Anti-G20 media centre opens its doors

Writers congregate at the Alternative Media Centre at Harbord and Jersey. (Pras Rajagopalan/CBC)

By Prasanna Rajagopalan, CBC News

pras-52.jpgA group of writers opposed to the G20 have set up "The Alternative Media Centre" in Toronto's west end to provide coverage of the demonstrations and activist voices in the run-up to the summit.

Located in a modest space on Jersey Avenue off Harbord Street, the centre is a networking hub that provides writers with computers, wi-fi access and other technology.

The fruits of the writers' labour will be posted at 2010mediacoop.com. The centre itself will be open 24/7 starting Tuesday, said Amy Miller, an independent journalist who is helping to run it.

According to Miller, as an employee of the CBC, I represent the "propaganda wing of the state."

On the other hand, the people working at the media centre, which includes members of the Toronto media co-op, a co-operative of independent local journalists, represent "the propaganda wing of the resistance," as she called it.

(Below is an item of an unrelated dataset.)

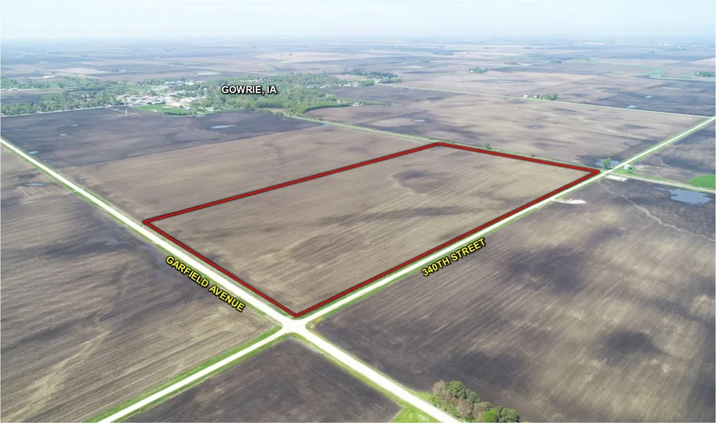 Research Parcel InformationFrom Gowrie, Iowa: Travel east on Main Street until reaching Garfield Avenue. Turn North on Garfield Avenue continuing for approximately 1 mile until reaching the intersection of 340th Street and the property will be located on the west side of Garfield Avenue and the south side of 340th Street. Look for sign.

Miller said that independent journalists often get drowned out amid the din of content being generated by the mainstream media.

"We are providing that space and that networking to [work on] collaborative projects... of making sure that on-the-ground resistance movements have their voices heard and have outlets to have them heard," she said.

But there is a vetting process to be allowed access to the facilities, which are limited.

As of Monday, 200 people had applied to work in the space, but only seven have been approved under the centre's vetting process, in which mainstream media and novice citizen contributors are excluded.

"This is a place for people who... have some experience and who are committed to the values of social justice and who are committed to working in the collaborative nature of the alternative media centre," said Miller.

"More importantly, it's not only what we can do in a collaborative nature, it's that the people who are here have long-term relationships with resistance movements here in Toronto and around Canada."